§ **REQUIRED WORK**:
Once you reach the line that holds "نشرت الجريدة الرسمية" in the listing below, output it and every line after it through the line that holds "Czarna mszyca liściowa, jak", word for word.

§ **PROVIDED DATA**:
══════

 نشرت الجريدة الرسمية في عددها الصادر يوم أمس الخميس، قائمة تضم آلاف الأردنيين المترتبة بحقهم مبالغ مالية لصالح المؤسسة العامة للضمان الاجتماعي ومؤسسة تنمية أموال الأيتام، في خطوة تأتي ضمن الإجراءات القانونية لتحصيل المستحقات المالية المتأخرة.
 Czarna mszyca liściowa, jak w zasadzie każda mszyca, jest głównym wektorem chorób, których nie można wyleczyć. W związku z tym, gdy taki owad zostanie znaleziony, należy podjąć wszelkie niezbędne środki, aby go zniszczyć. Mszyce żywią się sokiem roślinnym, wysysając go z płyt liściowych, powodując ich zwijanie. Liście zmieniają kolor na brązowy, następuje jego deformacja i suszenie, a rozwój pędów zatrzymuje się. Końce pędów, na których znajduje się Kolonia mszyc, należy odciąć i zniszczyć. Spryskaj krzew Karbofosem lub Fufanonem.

══════

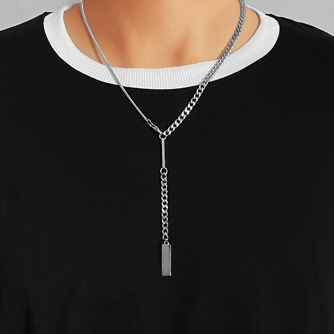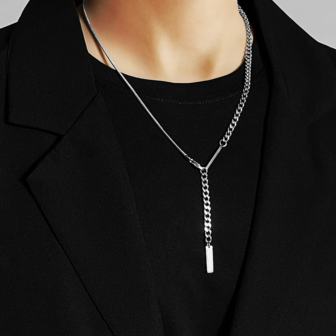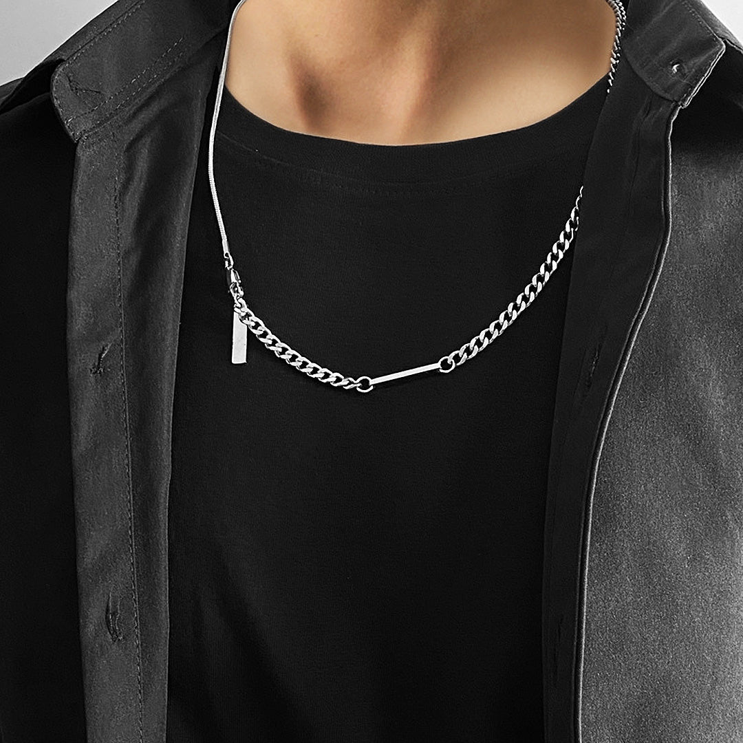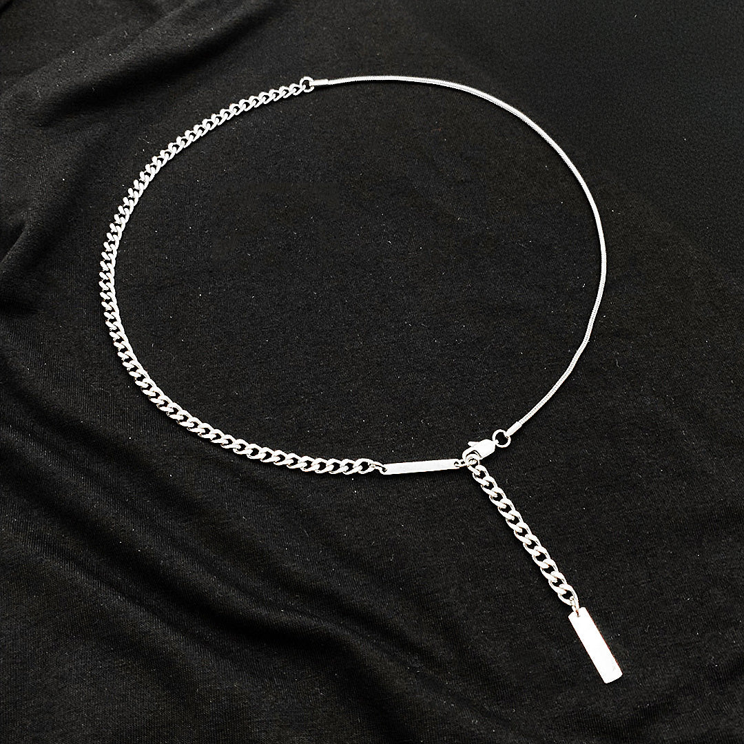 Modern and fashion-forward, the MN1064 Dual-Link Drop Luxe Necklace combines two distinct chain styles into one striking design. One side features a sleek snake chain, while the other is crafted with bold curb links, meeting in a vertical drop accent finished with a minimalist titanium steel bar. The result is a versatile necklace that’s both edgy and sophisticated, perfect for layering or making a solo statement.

══════

§ **PROBLEM SOLUTION**:
 نشرت الجريدة الرسمية في عددها الصادر يوم أمس الخميس، قائمة تضم آلاف الأردنيين المترتبة بحقهم مبالغ مالية لصالح المؤسسة العامة للضمان الاجتماعي ومؤسسة تنمية أموال الأيتام، في خطوة تأتي ضمن الإجراءات القانونية لتحصيل المستحقات المالية المتأخرة.
 Czarna mszyca liściowa, jak w zasadzie każda mszyca, jest głównym wektorem chorób, których nie można wyleczyć. W związku z tym, gdy taki owad zostanie znaleziony, należy podjąć wszelkie niezbędne środki, aby go zniszczyć. Mszyce żywią się sokiem roślinnym, wysysając go z płyt liściowych, powodując ich zwijanie. Liście zmieniają kolor na brązowy, następuje jego deformacja i suszenie, a rozwój pędów zatrzymuje się. Końce pędów, na których znajduje się Kolonia mszyc, należy odciąć i zniszczyć. Spryskaj krzew Karbofosem lub Fufanonem.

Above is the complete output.